Estimate moments, quantiles, and distributions without reference to a parametric distribution
Summarize the data graphically without reference to a parametric distribution
Determine measures that summarize deviations of a parametric from a nonparametric fit
Use nonparametric estimators to approximate parameters that can be used to start a parametric estimation procedure

4.1.1 Nonparametric Estimation

In Section 2.2 for frequency and Section 3.1 for severity, we learned how to summarize a distribution by computing means, variances, quantiles/percentiles, and so on. To approximate these summary measures using a dataset, one strategy is to:

assume a parametric form for a distribution, such as a negative binomial for frequency or a gamma distribution for severity,
estimate the parameters of that distribution, and then
use the distribution with the estimated parameters to calculate the desired summary measure.

This is the parametric approach. Another strategy is to estimate the desired summary measure directly from the observations without reference to a parametric model. Not surprisingly, this is known as the nonparametric An approach to inference that does not rely on references to a parametric model. approach.

Let us start by considering the most basic type of sampling scheme and assume that observations are realizations from a set of random variables $X_1, \ldots, X_n$ that are iid identically and independently distributed draws from an unknown population distribution $F(\cdot)$. An equivalent way of saying this is that $X_1, \ldots, X_n$, is a random sample (with replacement) from $F(\cdot)$. To see how this works, we now describe nonparametric estimators of many important measures that summarize a distribution.

4.1.1.1 Moment Estimators

We learned how to define moments in Section 2.2.2 for frequency and Section 3.1.1 for severity.
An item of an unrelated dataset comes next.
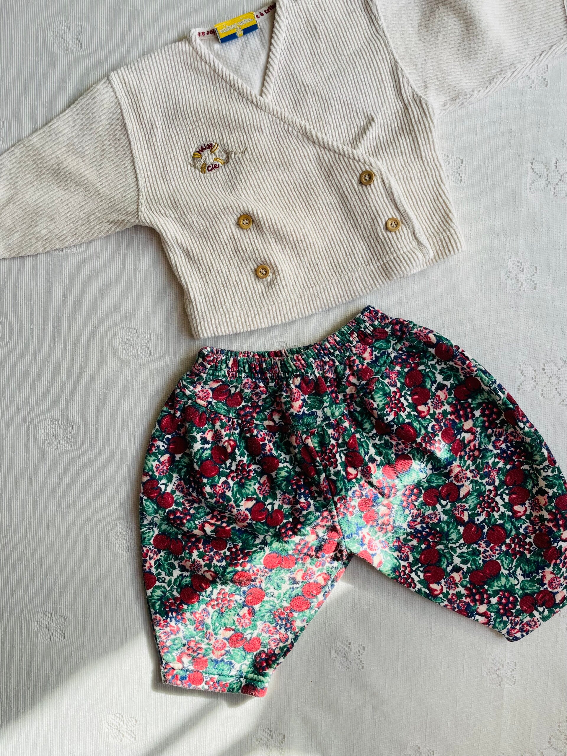 Vintage baby setje vestje kersen besjes pofbroekje 6m

In particular, the $k$-th moment, $\mathrm{E~}[X^k] = \mu^{\prime}_k$, summarizes many aspects of the distribution for different choices of k. Here, $\mu^{\prime}_k$ is sometimes called the kth population moment to distinguish it from the kth sample moment, \[ \frac{1}{n} \sum_{i=1}^n X_i^k , \] which is the corresponding nonparametric estimator. In typical applications, $k$ is a positive integer, although it need not be.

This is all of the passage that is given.